Abstract: Thermally sprayed NiCrBSi alloys have attracted interest in various fields of protective coating applications due to their good properties, especially for wear and corrosion resistance. Titanium diboride (TiB₂) is an attractive additive particle because of its properties such as high hardness, high melting point, high chemical resistance, high elastic modulus and low density. In this work, the effect of TiB₂ on dry reciprocating wear behavior of NiCrBSi-TiB₂ coating was systematically studied. NiCrBSi alloy powder was mixed with 15, 20, and 25 wt.% TiB₂ powder.
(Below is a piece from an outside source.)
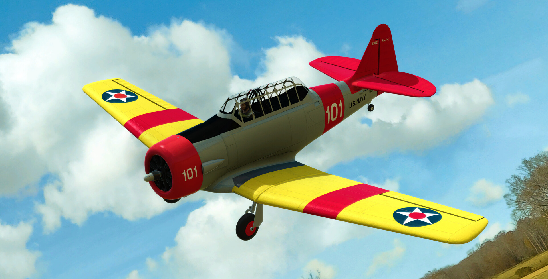 The airframe is factory-finished in an iconic scheme based on the SNJ-5 “101,” which is still being flown by High Sky Wing – a unit of the Commemorative Air Force based in Midland, Texas. It features a variety of scale details, including molded-in panel lines, a simulated radial engine, a detailed cockpit with a pilot figure, and more. Plus, its functional flaps and retractable landing gear add to the scale flying experience.
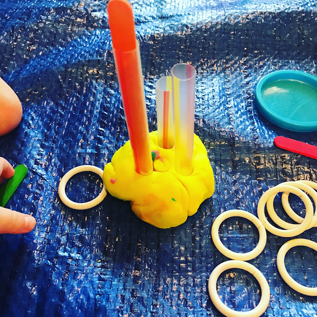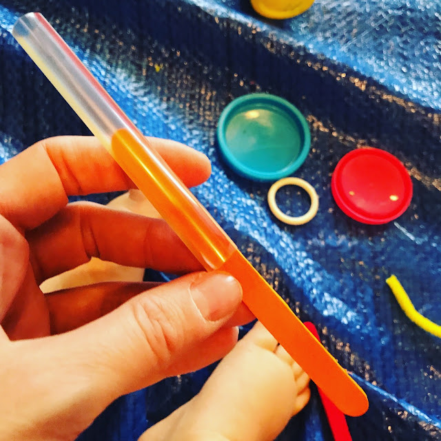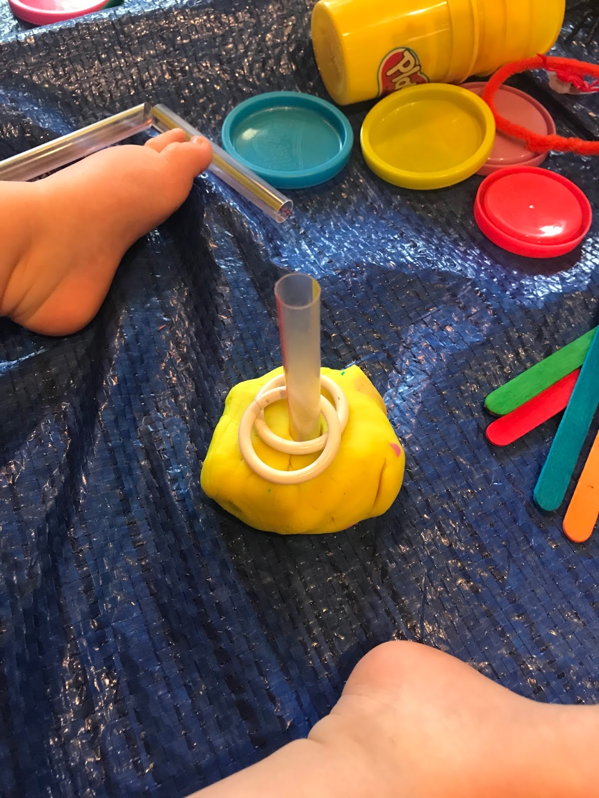 Baby actually came up with this idea on her own. She stuck the colored popsicle sticks into the large boba straws. We loved watching her concentration and how proud she was of herself.

Subsequently, mixed powder was coated on the substrate of 316L stainless steel (∅20 mm and 5 mm thickness) by High Velocity Oxygen Fuel (HVOF) technique. The microstructure of the coating was investigated under an optical microscope and scanning electron microscope (SEM). The hardness of the coating was measured by microhardness. In addition, dry sliding friction and wear behavior of coating were performed on a reciprocating ball-on-flat wear tester machine. The high-chromium steel (AISI 52100) ball of 6 mm in diameter was used as the counterpart. The conditions of the tests were 8 mm in stroke, 1 and 2 Hz in testing frequency with 10 N load, and sliding distance of 100 m. The variation of friction coefficient was recorded during the tests. The results indicated that an increase in TiB₂ content within the coating led to the formation of dark gray phases, oxidation layers and porosities in the microstructure. Consequently, reduction in the coating's hardness and wear resistance were discovered. In addition, the addition of TiB₂ in the NiCrBSi coating resulted in the higher material loss on the counterface ball due to abrasive wear mechanism.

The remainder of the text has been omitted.